The psychology of selling life insurance - PDF (1922) by Edward Kellogg Strong

The psychology of selling life insurance

The psychology of selling life insurance


Life underwriters have long been seeking some treatise on psychology that would explain the principles of selling life insurance, in non-technical language. Such is the purpose of this book. 

The salesman's two most difficult tasks are to interest the prospect and to close the sale. These two tasks are both very directly related to the psychological factor of desire. In this book, the salesman is acquainted with man's native and acquired desires or interests and is shown how man's needs for insurance may be translated into terms of desire so that the prospect will finally want that which life insurance provides. 

When he comes to desire the service insurance renders, the problem of closing largely disappears. In order to make every principle as concrete and practical as possible, they are taught in connection with the study of five complete sales -interviews and portions of several others. In the past, the theory of selling has been presented either by psychologists writing on psychology with reference to selling or by salesmen writing on selling as explained by psychology. 

In either case, the treatment of the subject has generally,  though not always, been limited to a description of the mental processes of the individual which are to be aroused in the various stages of selling. The subjects of attention, interest, desire, and the like, have been analyzed, often with great detail. The studious salesman has been enabled to learn a great deal about imagination, reasoning, and persuasion. Personally, I feel very strongly that this descriptive approach is largely futile. The power to apply the abstract to the concrete is not so widely diffused as we would fain believe. 

A study of mental states is interesting, but what the majority of salesmen most need to know is the specific method to be taken in inducing a mental state favorable to buying. In other words, the salesman must come to appreciate the cause and effect relationships between what he says and does and what the prospect thinks and feels. 

The present volume, accordingly, presents the theory of selling, not in terms of mental states, but in terms of what the salesman must actually do in order to secure certain desired results. These principles could be described and applied in a few pages if the goal were merely an understanding of the subject. Just so the moves in the game of chess can be learned and the principles understood after an hour's explanation. But one cannot play chess merely by comprehending. 


And the salesman who would be successful must feel as well as understand. He must make the principles of selling a part of himself; they must come to be an integral, unconscious, and spontaneous component of all his thinking and acting. To bring this about he must spend much more time and effort upon their acquisition than is usually devoted to reading a book.
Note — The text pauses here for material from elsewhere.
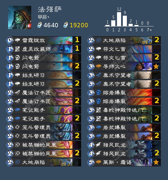 大家好,我是早辰丶。从暗影崛起开始,每个版本都有几张与法强配合的单卡,但无奈都是些碎片,一直撑不起一套牌的强度。但随着暗月小版本的到来,大地崩陷和被禁锢的凤凰的加入,法强萨终于得到了它的最后两块碎片,得到了一大波补强,迎来的他的春天,我认为如今的法强萨有T1的实力。在新版本发布后,我用新法强萨卡组,自1月22日开始,1月24日截止,进行了89把对局,胜率高达70%。

And it is with the definite purpose of forcing this increased effort that the assignments have been introduced at the end of each lesson. A vast number of individuals are responsible for our present science and art of selling. Credit can never be given to most of them, for their ideas and practices were passed on to others with scarcely any appreciation of what was being done. 

To a few, definite references can be made, and this I have tried to do throughout in the form of footnotes. From E. L. Thorndike, who was my first instructor in many of the topics presented here, I have quoted extensively regarding man's native behaviour.